Outlawing Preparations for InterferenceBack to table of contents
In support of a ban on acts of interference, a negotiated protective agreement would presumably also seek to prohibit dedicated preparations for interference so as to protect the arrangement against sudden collapse. A cease-fire agreement or the desist-from-firing variant is not robust if loaded guns are left in the hands of combatants.
That supportive provision would undoubtedly be more difficult to achieve. A prohibition on any further tests or operational deployment of designated anti-satellite weapons would effectively contain any threat from that source, because their development up to this point has been rudimentary. But the U.S. program for ballistic missile defense poses more of a problem. Exoatmospheric interception of ballistic missile warheads also enables attack on satellites in LEO, and technical reasons lead some to believe that this is in fact the most credible mission.

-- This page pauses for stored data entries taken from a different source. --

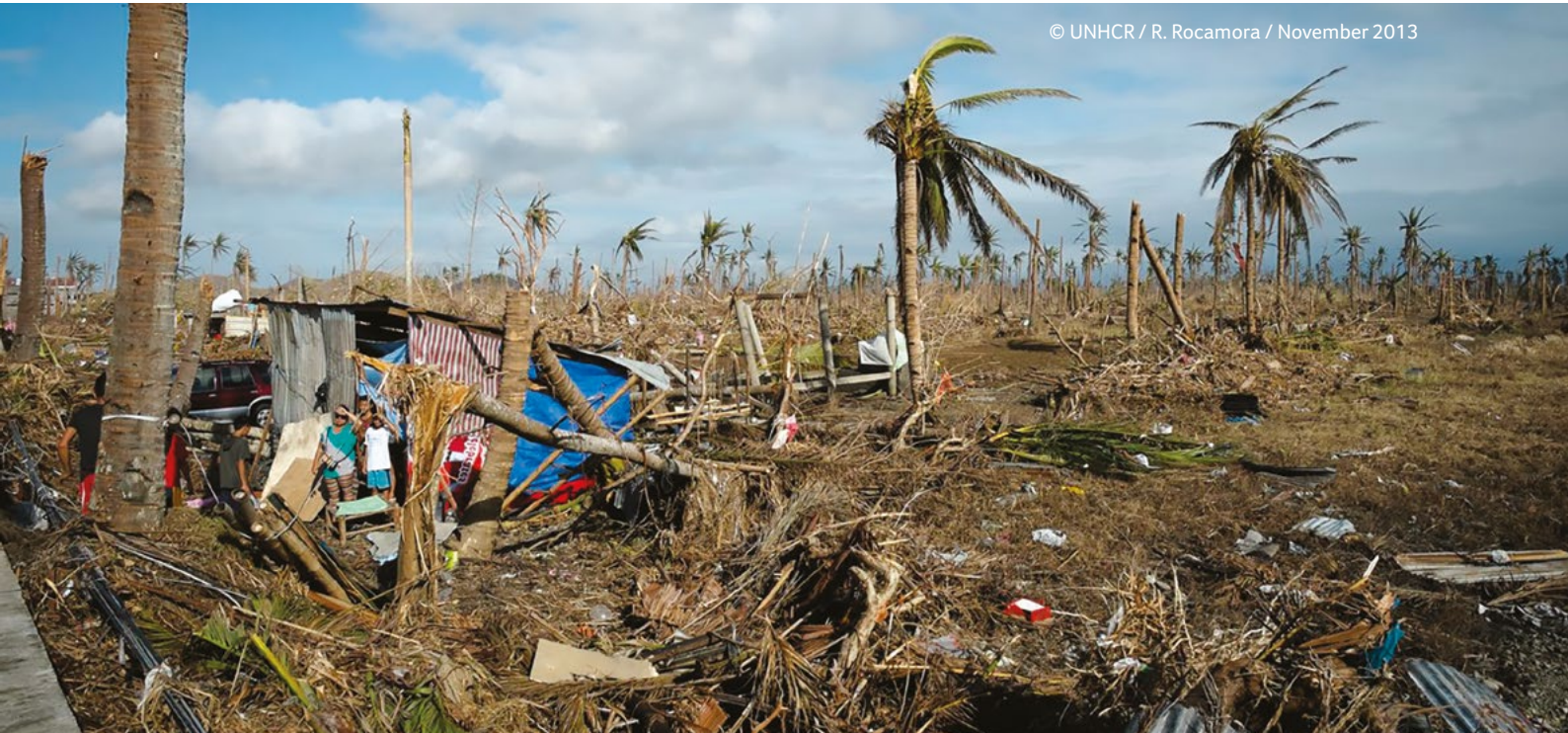
© UNHCR / R. Rocamora / November 2013
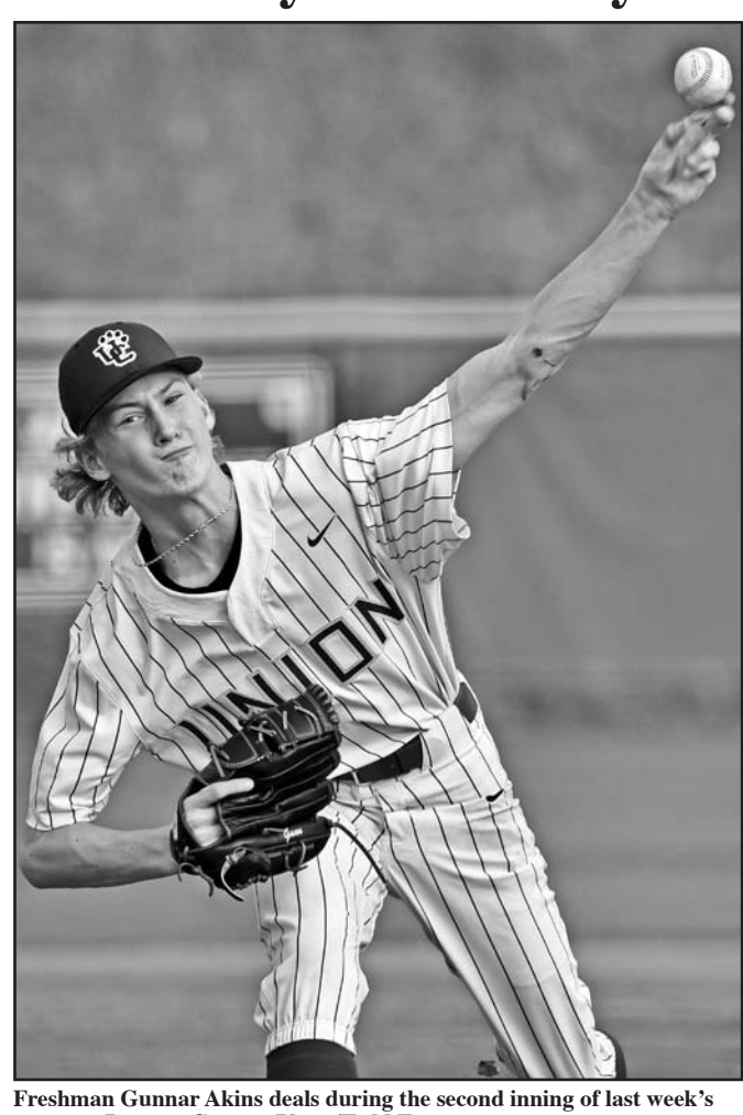
game vs. Dawson County.
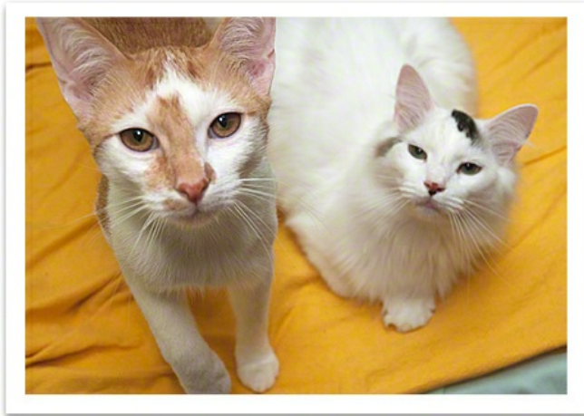
Barney and George.

There were a few bumps in the road, particularly with Bongo. I noticed he'd pant after a short period of playing and at rest his respirations were far faster than the normal, roughly 20-40 per minute. This concerned me greatly because I'd lost a cat to HCM, hypertrophic cardiomyopathy [3] and the only sign I had that something was off was his breathing had a "hitch" to it. By the time I knew he was really ill, it was too late and he passed away during attempts to treat him. Ever since that horror, I've been more vigilant.
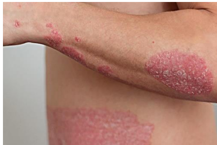
Fig No.2: inflammatory skin.

Every day, external factors cause damage to the integumentary system. Examples of this damage are cuts,
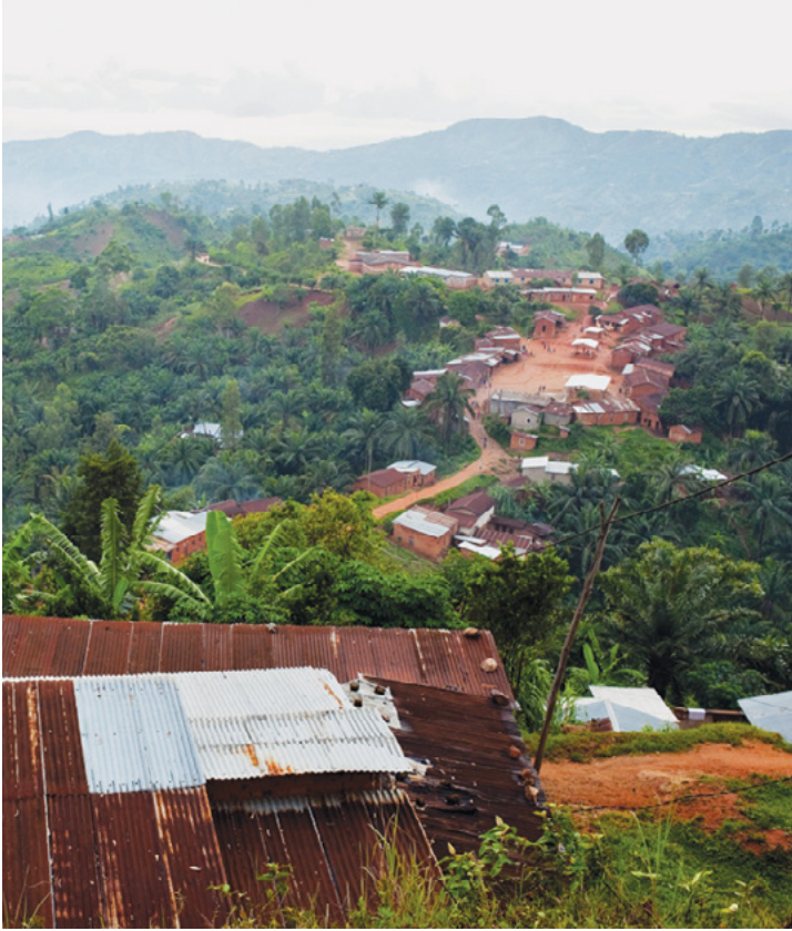
Photo Above: A village where one of LifeNet International's partner clinics is located.

This is usually the meeting in which there is a real understanding in the partnership and what we do. We then ask whether they would like to sign on for the next year and go from there. At this point, we have a waiting list of about twenty clinics.

Kinetic interception of missile warheads can readily be defeated by accompanying decoys, but that tactic cannot be as effectively applied to space assets, which must emanate detectable signals over extended periods of time in order to perform their functions. Intense political commitment to missile defense in the United States and strategic resistance to it in China would undoubtedly be a major impediment to a ban on anti- satellite systems. That is not a valid reason for categorically rejecting the idea, but the issue is one that would require more consequential decisions than governments of any type are usually willing to make.
The central question is whether to attempt an inherently questionable distinction between ballistic missile defense and anti-satellite functions or whether to pursue an arrangement that encompasses both problems. The former approach might involve agreed limits on the testing and deployment of missile defense interceptors (number of launchers and their location) but would be burdened by the basic fact that a missile defense deployment of any size would pose a significant threat to the small number of sensitive satellites, each one of which is significant. The latter approach would be more venturesome and for that reason more interesting. A logical combined arrangement would require that any missile defense deployment be dedicated to global rather than exclusively national protection and that it be jointly operated to assure that commitment. Such an arrangement would not preclude the capability for satellite attack, but with suitable internal rules it would prevent operational preparation or actual execution of such attacks. Even dedicated advocates of missile defense might eventually warm to that idea. As a practical matter, the technical prospects of missile defense are so poor that establishing global legitimacy might well prove to be a necessary requirement for sustaining the effort.